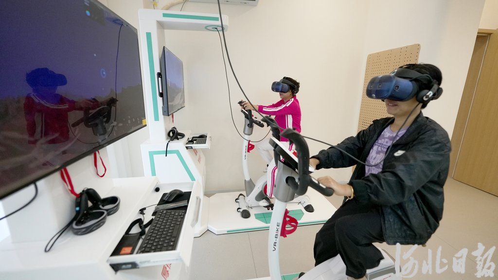 VR运动积极心理空间充满科技感与活力。袁金花戴好VR眼镜,骑上动感单车,车上的心率监测器实时显示数据,眼前则是“黄山之巅”的虚拟美景。“现在每周都来骑两次,既能锻炼身体,还能‘云旅游’,心情都变好了!”她笑着说。
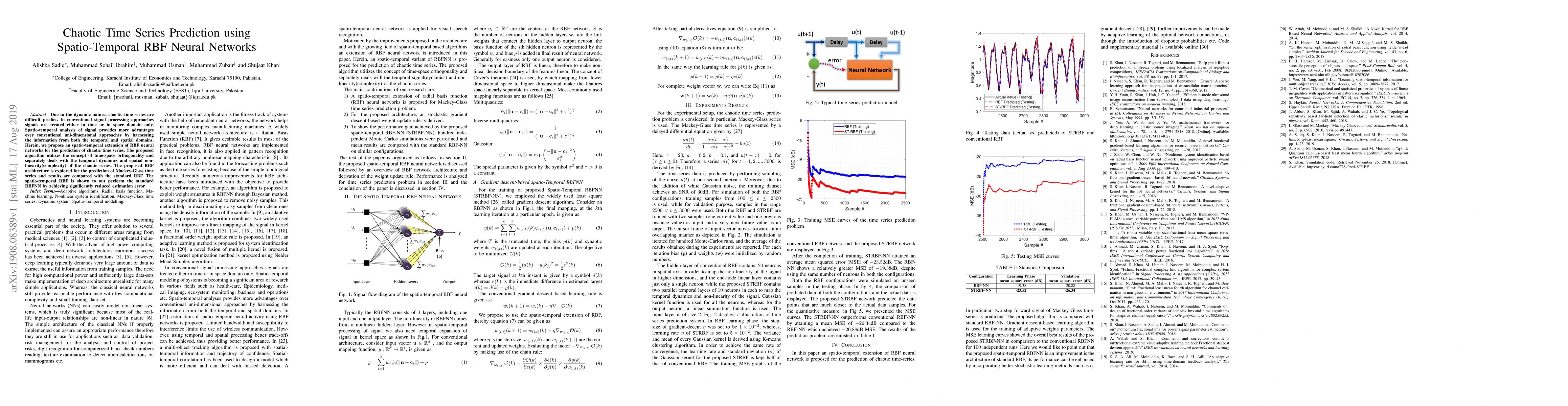 This paper proposes a spatio-temporal extension of Radial Basis Function (RBF) neural networks for predicting chaotic time series, leveraging both temporal and spatial information. The new RBF architecture, which separates temporal dynamics and spatial non-linearity, outperforms standard RBF networks in predicting the Mackey-Glass time series with significantly reduced estimation error.
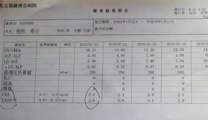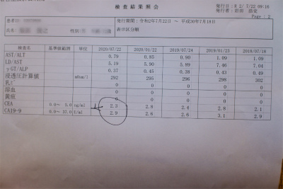 CEAとCA19-9が膵臓がんのマーカーです。ともに基準値内にあります。因みに、膵臓がんになると、桁違いに数値が上がるそうです。
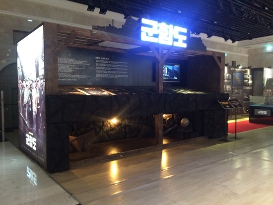 롯데시네마 월드타워에 오픈한 '군함도'의 극장 전시는 군함도의 숨겨진 역사를 시작으로 영화 속 군함도의 주요 공간 컨셉아트와 배우들의 캐릭터 소개 등을 담아낸 전시존과 군함도 개미굴을 직접 체험해 볼 수 있는 체험존, 그리고 군함도의 디오라마가 설치되어 관객들에게 이색적인 경험을 선사하고 있다.
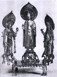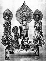 мофа). Неудивительно, что многие из китайских бронзовых алтарей, датирующихся последней третью VI в., содержат изображения будды Амитабхи в сопровождении бодхисаттв Авалокитешвары и Махастхамапрапты, символизирующих милосердие и духовную мудрость Амиды соответственно.
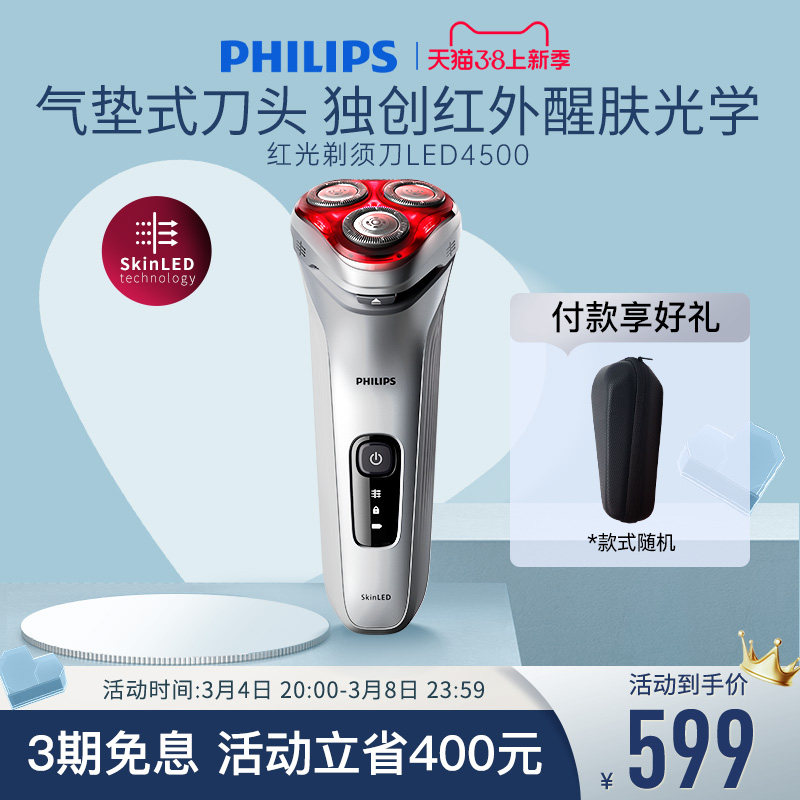 飞利浦男士红光剃须刀电动胡须刀智能护肤刮胡刀官方正品LED4500
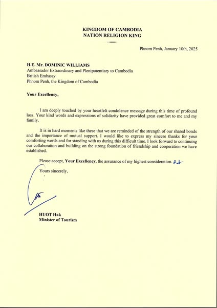 搜索关键词 condolence message, gratitude expression, public announcement, funeral service, cambodia news, diplomat recognition, family bereavement, respect acknowledgement优势 Expresses Gratitude,Public Acknowledgement
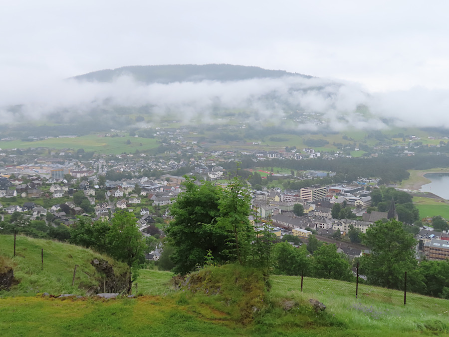 Die Hofanlage liegt oberhalb Voss und bei Schönwetter mit herrlichen Ausblick auf die Stadt. Die Seilbahn auf den Hausberg Hangursnolten fährt am Museum vorbei. Für die Anfahrt zum Museum (60°38′00.38″N 06°24′45.6″E) schickte uns das Navi durch Seitengassen, die mit dem Womo eine Herausforderung sind. Ausserdem ist der letzte Kilometer der Zufahrt einspurig mit wenigen Ausweichstellen.
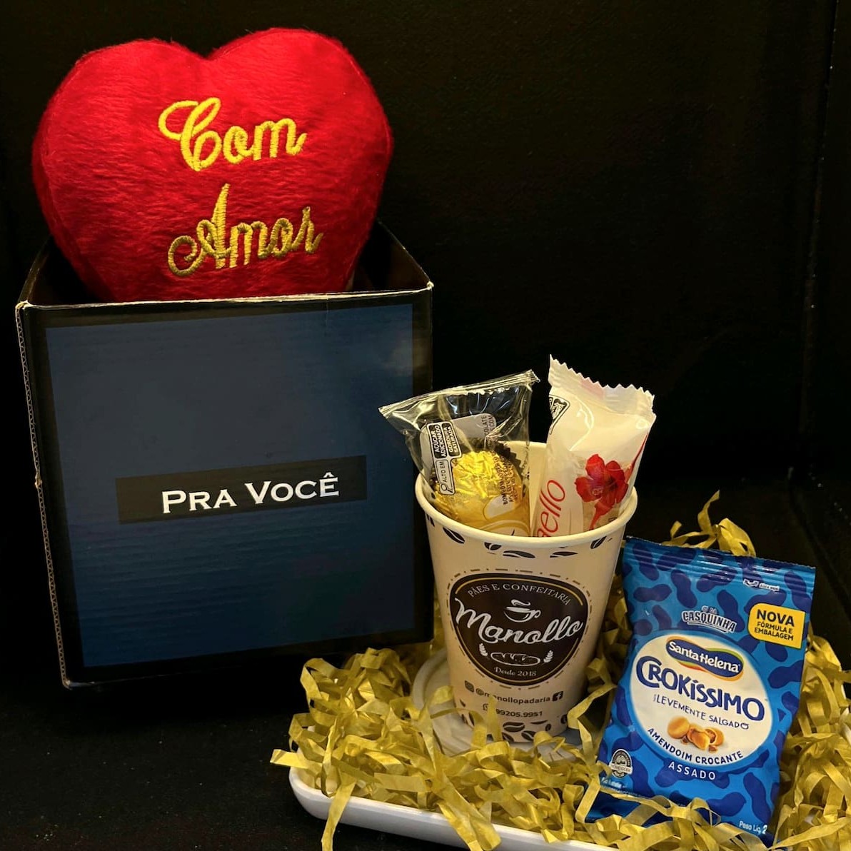 Na nossa caixa box “Pra você” contém: • 1 Café • 2 Pães de queijo • 1 Cueca virada • 1 Rafaello • 1 Ferrero Rocher • 1 Amendoim • 1 Coração pelúcia(Com amor ou Amo você)
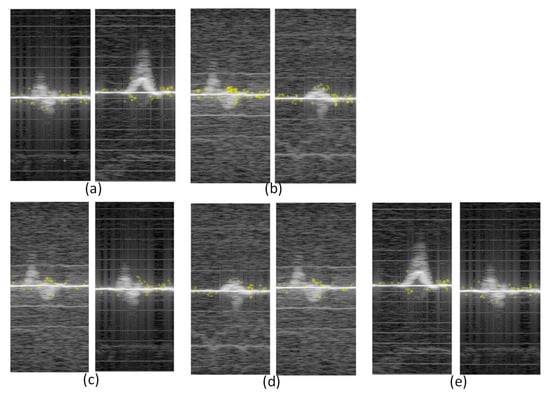 Subsequently, different gestures were examined. For every two cases of the same gestures discussed above, we tested the other three cases of gestures. We selected some examples to illustrate the matching results. Figure 10a–e shows the results of using the rotation motion “A” to test the push motion “A”, the wrist motion from flexion to extension “A” to test the pinch out motion “A”, the wrist motion from flexion to extension to test the rotation motion “A”, the pinch out motion “A” to test the wrist motion from flexion to extension “A”, and the push motion “A” to test the rotation motion “A”, respectively. The corresponding numbers of matching points were 30, 37, 25, 26, and 26, respectively. The marked matching points (yellow circle) in Figure 10 indicate much smaller numbers compared with that of the same gestures. Therefore, a borderline of the matching points could be set to distinguish similar gestures and different gestures using our proposed method.
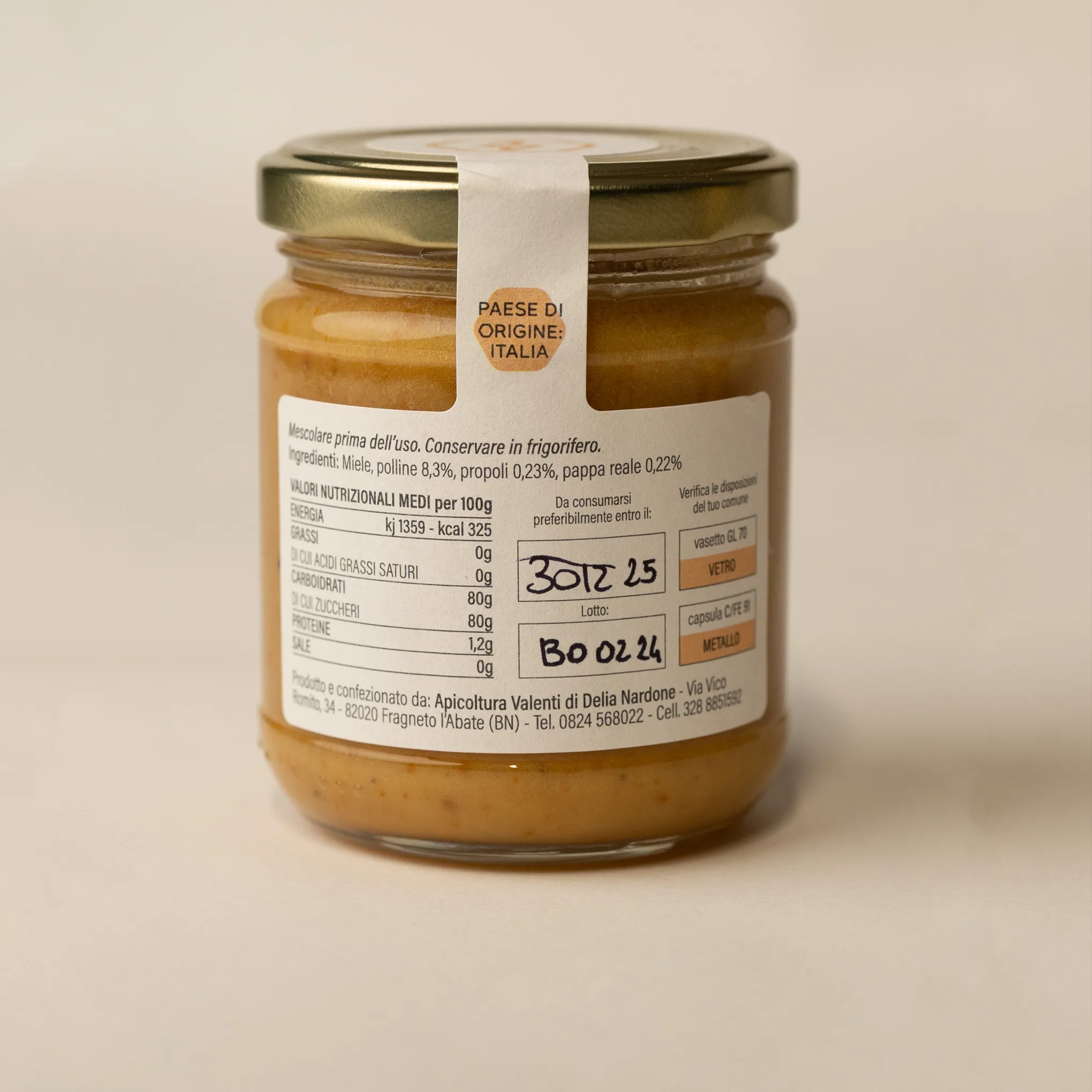 Il Miele Bomba è un integratore naturale straordinario che racchiude in un’unica preparazione tutti i benefici sinergici del miele, del polline, della propoli e della pappa reale. Questo prodotto è particolarmente adatto a sportivi, anziani, studenti, bambini in fase di crescita e a tutte le persone spossate e convalescenti che necessitano di un supporto energetico e nutritivo.
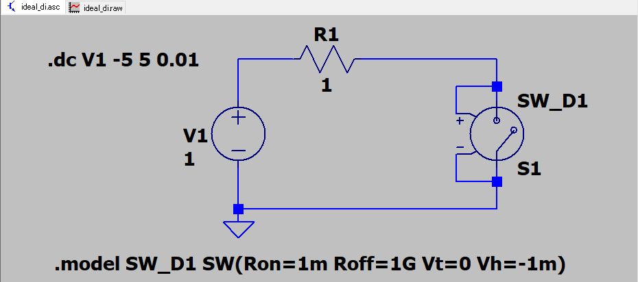 電圧制御スイッチ「sw」 を使い理想化ダイオードにしたものです。ダイオードを利用した回路において順方向抵抗や逆方向リーク電流の影響を任意に変えての確認などに活かせます。電圧制御スイッチ単体の特性記述は次の通りです。 .model モデル名 SW(Ron=オン抵抗値 Roff=オフ抵抗値 Vt=しきい値電圧 Vh=ヒステリシス幅電圧) ![]() ![]() 理想化ダイオードを2つ使い両波検波回路を構成した例です。 ![]() |
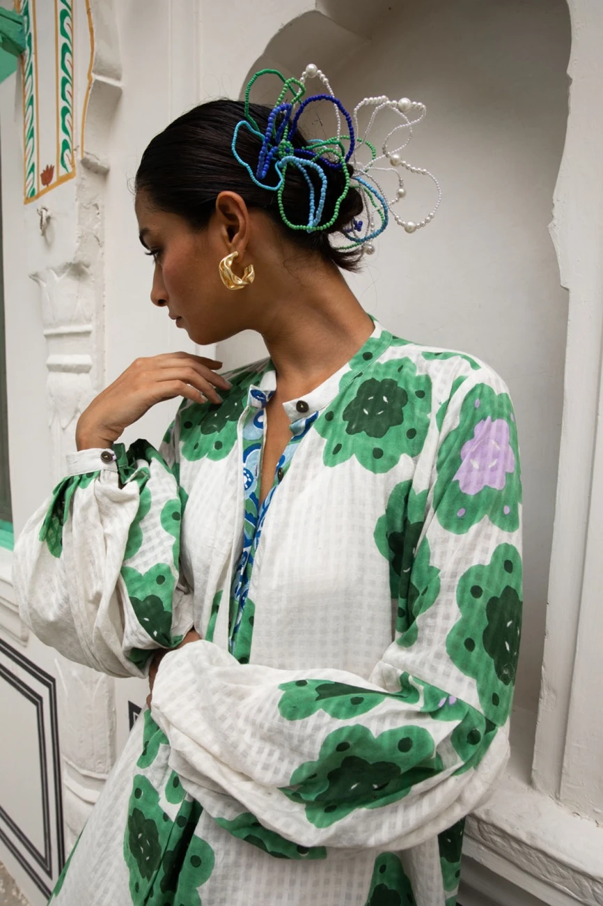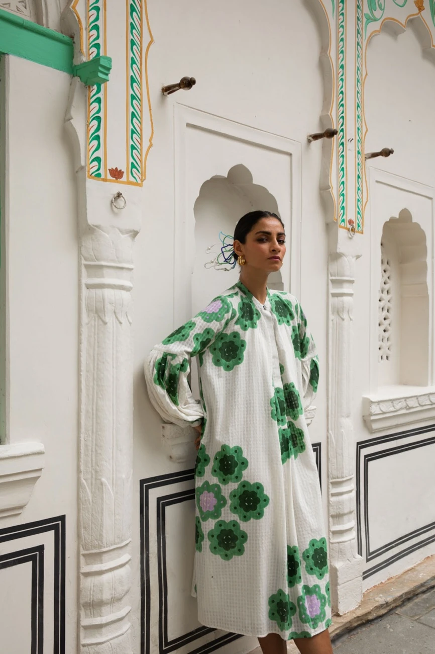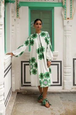 - Phool billowy dress has bracelet puffed sleeves and a central placket in contrasting fabric

*****

TASK BRIEF >> From the records above, extract the lines from the one holding "мофа). Неудивительно, что" through the one holding "搜索关键词 condolence message, gratitude", word for word; omit the pictures.

ANSWER FOR THIS EXERCISE >>
 мофа). Неудивительно, что многие из китайских бронзовых алтарей, датирующихся последней третью VI в., содержат изображения будды Амитабхи в сопровождении бодхисаттв Авалокитешвары и Махастхамапрапты, символизирующих милосердие и духовную мудрость Амиды соответственно.
 飞利浦男士红光剃须刀电动胡须刀智能护肤刮胡刀官方正品LED4500
 搜索关键词 condolence message, gratitude expression, public announcement, funeral service, cambodia news, diplomat recognition, family bereavement, respect acknowledgement优势 Expresses Gratitude,Public Acknowledgement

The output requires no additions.